ERmod Wiki

Approximate solvation free energy calculator

Brought to you by: drmaruyama, e1kojima, kenkasa, nbykmtb, ssakuraba

ProteinSolvation

Free energy calculation of protein solvation with explicit solvent

Since the protein is a large solute, its solvation free energy calculation requires special treatment. Below is the list of cares required to calculate the solvation free energy calculation.

Recommended to read:
Free-energy analysis of hydration effect on protein with explicit solvent: Equilibrium fluctuation of cytochrome c, J. Chem. Phys., 134, 041105 (2011).

System setup and water box size

The box size of the simulation system needs to be more than twice of the protein. Within the periodic boundary condition, the box size of twice the solute size is the minimum required to make the energetics right.

The counterions are often introduced to neutralize the system in MD. They are usually dilute and sweep the configuration space quite slowly. In order to reduce the computation time, it is recommended that counterions not be placed in the system. The system can be apparently non-neutral, however, the effect of the apparent non-neutrality is handled by the self-energy correction scheme in the Ewald and PME methods. This correction scheme is implemented in slvfe as default when the periodic boundary condition is employed. To turn off the correction, set "slfslt='not'" in parameters_fe; see Parameter files for slvfe for detailed description.

Parameter setup

An advantage of the energy-representation method is to allow the molecular flexibility of the solute (and solvent) to be incorporated without any special treatment. When the protein is the solute, however, this advantage may not be effective since the protein structure is too different between solution and vacuum and the structure in vacuum is not informative. In the free-energy calculation of protein, we recommend to fix the structure. In a protein simulation, furthermore, the system size is comparable to the protein size. In this case, the self-energy term of protein depends strongly on the protein orientation when the Ewald or PME is used. The self-energy is the interaction energy of the solute with its own images and the neutralizing background. The orientation dependence of the protein self-energy is a problem of protein MD itself, and is a finite-size effect. In the free-energy calculation, the focus is the solute (protein)-solvent interaction effect. We thus recommend that the finite-size effect be removed in the MD and free-energy analysis. To do so, it is advised to fix the protein orientation in MD and erdst and use an option of insorient = 1 or inscfg = 1 (deprecated) in parameters_er.

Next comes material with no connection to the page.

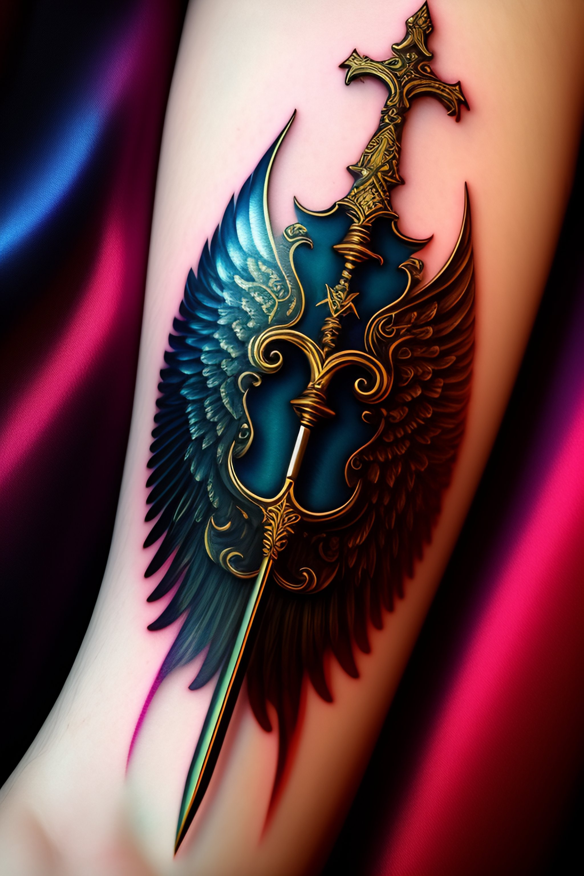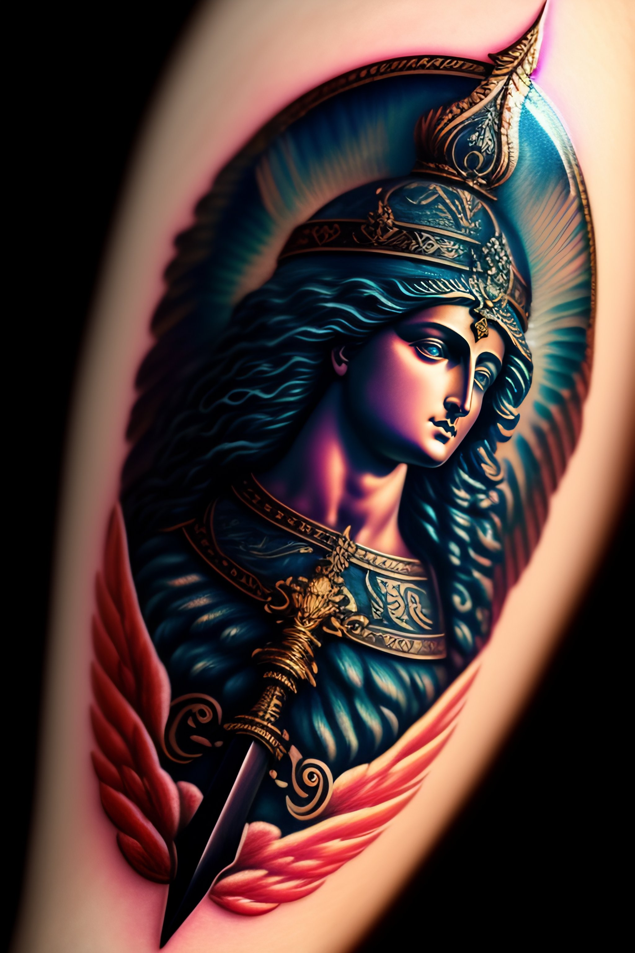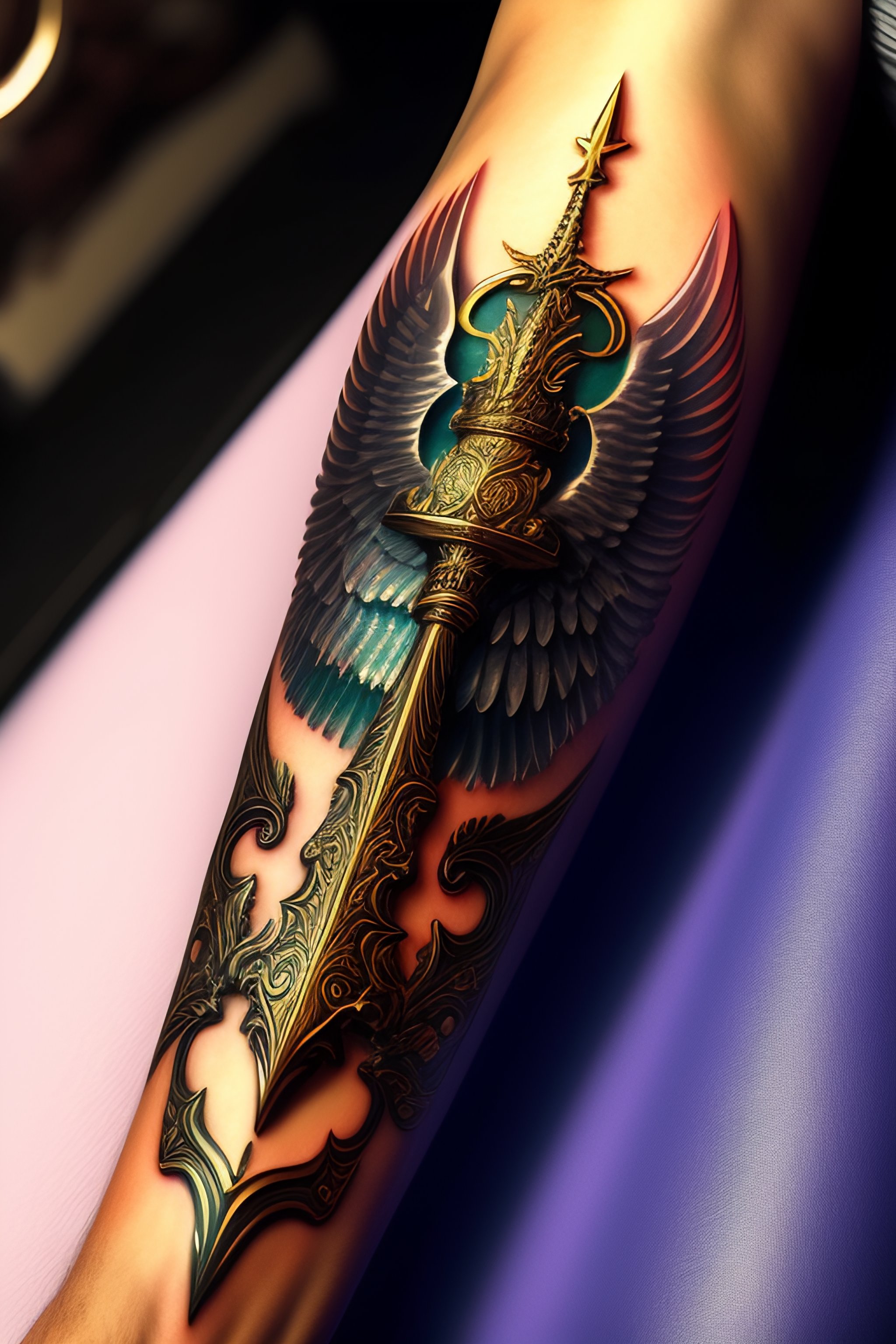 Archangel michael sword tattoo in the hand

insorient : orientation for the solute
0 (default) : random orientation
1 : no orientation change from the value in the file to be read
The file for the solute configuration is SltInfo when slttype = 2 and is SltConf when slttype = 3

inscfg : position and orientation for the inserted solute
0 : only the intramolecular configuration is from the file (default)
1 : orientation is fixed from the file with random position
2 : position and orientation are also fixed from the file
inscfg can be still used in ver 10 and converted to insorient (and insposition if necessary)

It is also advised to reduce the number of particle insertions in the refs calculation. The number of insertions per a single solvent configuration is given by the maxins parameter in parameters_er and its default value is 1000. When the solute is a protein, its size is usually not very small compared to the system size and a large maxins is not useful to improve the statistics. Separated regions of the solvent system provide independent dataset upon insertion, and many datasets are obtained with random insertion. When the solute is large, though, this machanism for improving the statistics is less effective. A typical setting is maxins = 200 when a protein is the solute.

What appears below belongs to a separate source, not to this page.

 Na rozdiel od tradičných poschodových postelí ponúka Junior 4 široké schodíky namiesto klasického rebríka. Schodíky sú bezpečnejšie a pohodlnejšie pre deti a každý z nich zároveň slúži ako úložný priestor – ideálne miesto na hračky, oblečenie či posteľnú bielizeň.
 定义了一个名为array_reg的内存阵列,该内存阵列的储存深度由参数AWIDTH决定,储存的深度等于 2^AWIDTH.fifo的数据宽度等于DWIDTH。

The default mesh size defined in the &hist section of parameters_er can be modified. The bin sizes are set to be small around zero energy since there are a lot of solvent molecules that are separated from the solute. When the solute is a protein, its size is comparable to the system size, and the bin sizes can be set differently. A typical set reads

&hist
      eclbin=5.0e-2, ecfbin=2.5e-2, ec0bin=1.0e-3, finfac=10.0e0,
      ecdmin=-50.000000, ecfmns=-1.00e0, ecdcen=0.0e0, eccore=30.0e0,
      ecdmax=1.0e11, pecore=300
/

When the slvfe calculation is done, in addition, the warning condition for mesh error can be relaxed. The mesherr parameter within parameters_fe identifies the threshold value to give a warning message of mesh error; its default value is 0.1 kcal/mol. When the solute is a protein, it is typically enough to set mesherr = 1.0 in parameters_fe.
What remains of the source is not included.